Every line from the first one in the data below through the line holding "Lo viví en carne" is to be written out exactly, with the pictures omitted.

[Opening Records for the exercise section]

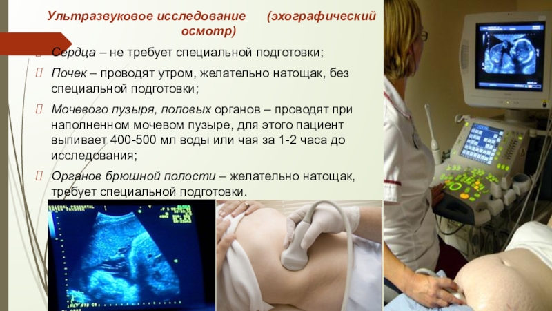 Мочевого пузыря, половых органов – проводят при наполненном мочевом пузыре, для этого пациент выпивает 400-500 мл воды или чая за 1-2 часа до исследования;
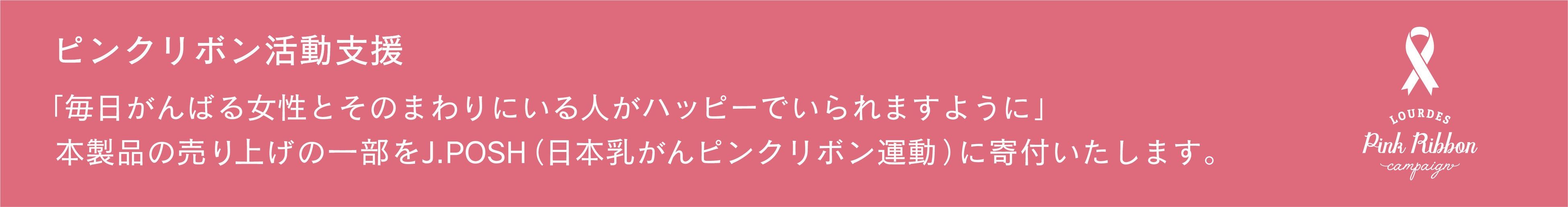 アテックスでは、ルルドブランドを通じて女性の毎日を支えるアイテムを開発・発売して参りました。売上の一部をJ.POSH(日本乳がんピンクリボン運動)へ寄付もしています。
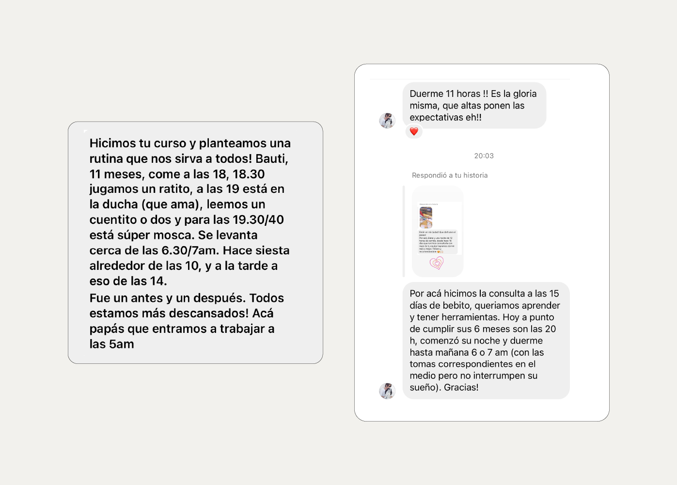 Lo viví en carne propia y lo veo todos los días en las familias que acompañamos. La falta de sueño vuelve todo más cuesta arriba: las rutinas, el vínculo, la paciencia, el disfrute. Por eso, junto a mi equipo, creamos recursos y estrategias claras, prácticas y respetuosas, para ayudarte a acompañar el sueño de tu hijo en cada etapa, sin dejar de lado el apego ni tus valores. Estamos acá para decirte que no estás sola, y que sí: es posible volver a descansar.
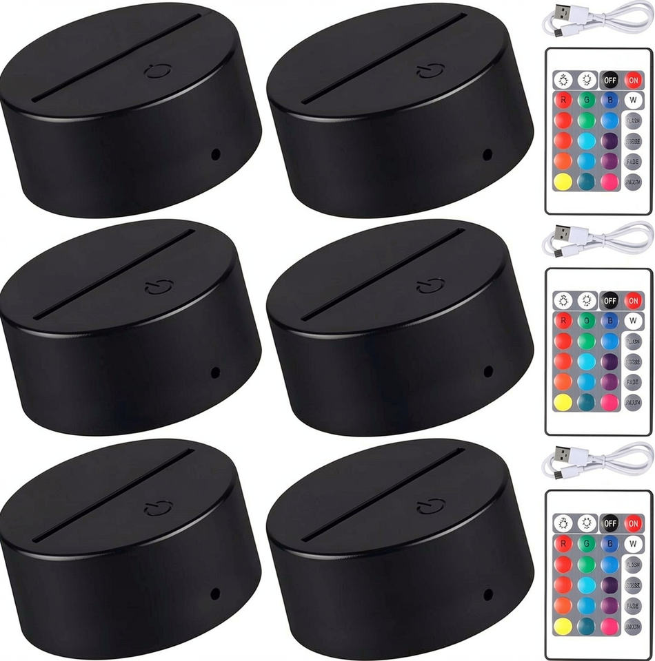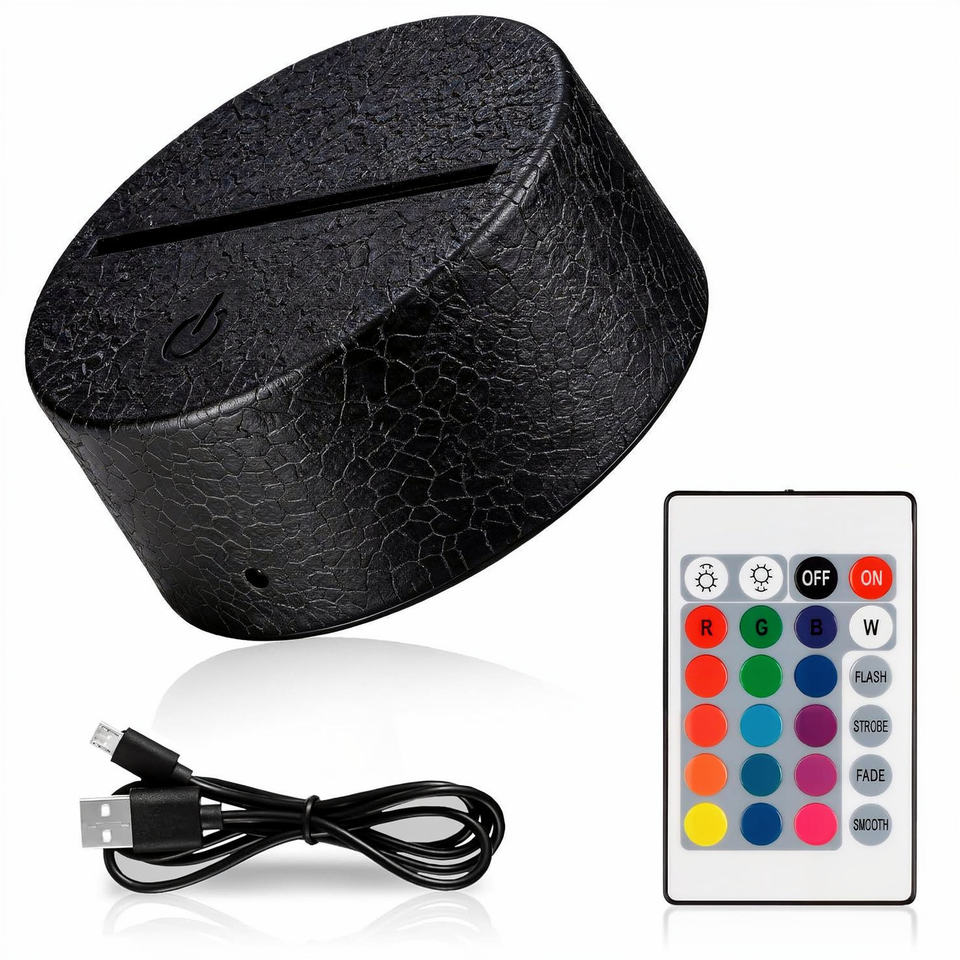 Lampe de nuit 3D avec base, télécommande, câble USB, 16 couleurs, décoration, lumières décoratives pour la maison, base LED pour chambre à coucher
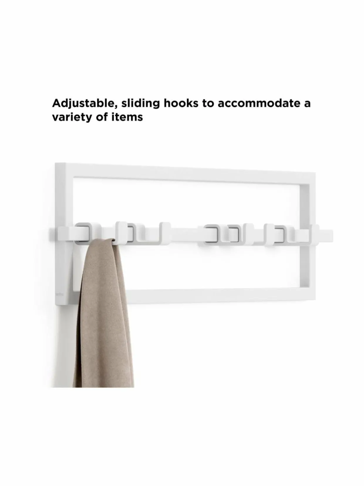 Umbran teräksestä valmistettu Cubiko sopii täydellisesti asusteiden, takkien ja huivien ripustamiseen pitäen samalla tilan järjestyksessä. Tämä helppokäyttöinen säilytysratkaisu on helppo asentaa ja sitä voi käyttää kotisi useissa huoneissa, kuten esim. eteisessä, kylpyhuoneessa tai makuuhuoneessa. Funktionaalisen ja sileän muotoilunsa ansiosta vaatteet ja asusteet eivät ota naulakon reunoihin kiinni.
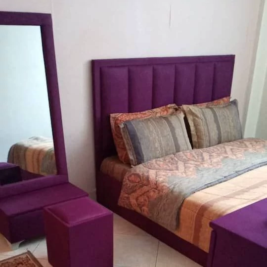 سرویس تخت کامل دونفره شامل تخت و اینه و کشوی زیر اینع ودراور و دو عدد پاتختی و صندلی
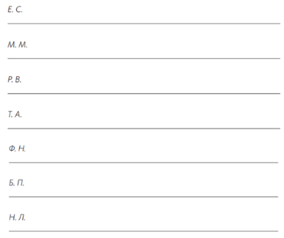 Посмотрите на каждую пару букв, представьте себе, что это инициалы какой-то знаменитости, и запишите в строке ее имя. Например, Ф. Н. может быть Флоренс Найтингейл, М. М. — Мэрилин Монро. Придумайте имена для остальных пар букв.
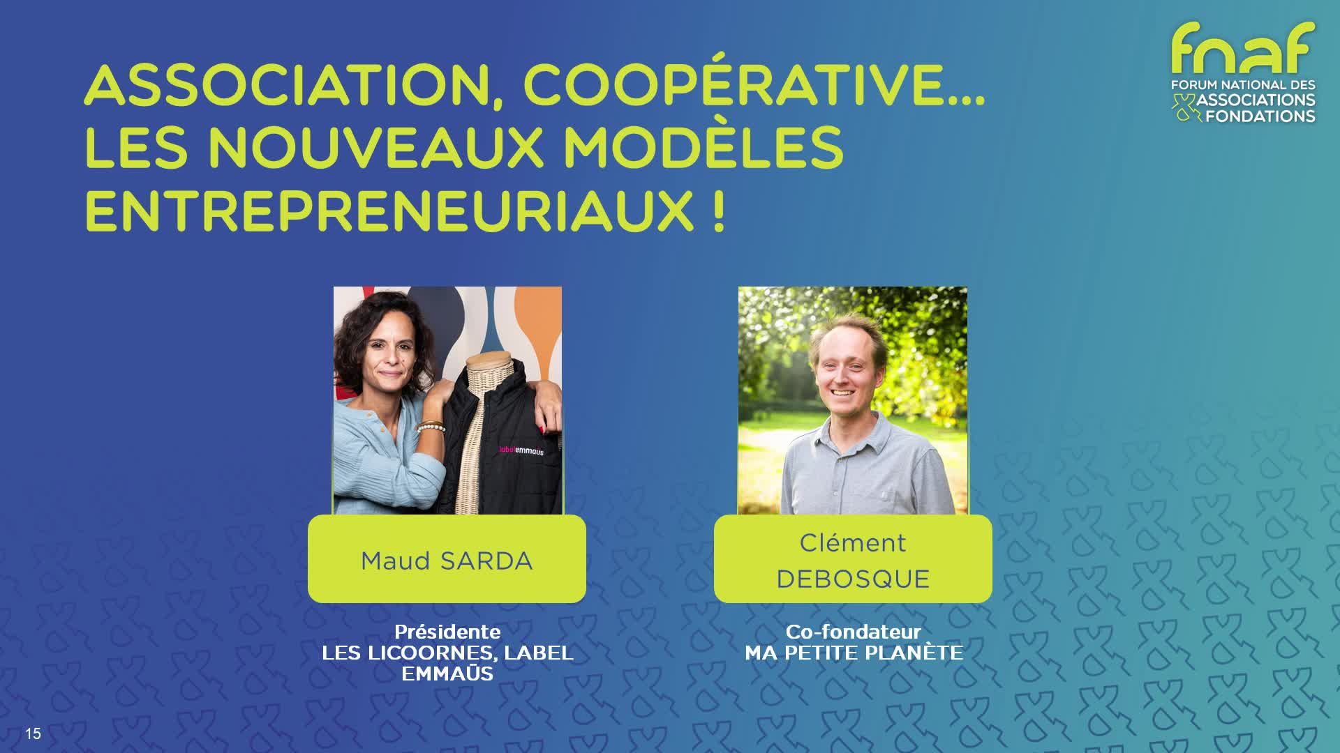 À l’heure où l’entrepreneuriat social et les modèles collectifs se réinventent, cette table ronde mettra en lumière les nouvelles formes d’organisation porteuses de sens et d’impact. Avec Maud Sarda et Clément Debosque, découvrez comment coopératives, associations et entreprises à mission redéfinissent les règles du jeu économique au service du bien commun.

[Closing Records for the exercise section]

Exercise solution:
 Мочевого пузыря, половых органов – проводят при наполненном мочевом пузыре, для этого пациент выпивает 400-500 мл воды или чая за 1-2 часа до исследования;
 アテックスでは、ルルドブランドを通じて女性の毎日を支えるアイテムを開発・発売して参りました。売上の一部をJ.POSH(日本乳がんピンクリボン運動)へ寄付もしています。
 Lo viví en carne propia y lo veo todos los días en las familias que acompañamos. La falta de sueño vuelve todo más cuesta arriba: las rutinas, el vínculo, la paciencia, el disfrute. Por eso, junto a mi equipo, creamos recursos y estrategias claras, prácticas y respetuosas, para ayudarte a acompañar el sueño de tu hijo en cada etapa, sin dejar de lado el apego ni tus valores. Estamos acá para decirte que no estás sola, y que sí: es posible volver a descansar.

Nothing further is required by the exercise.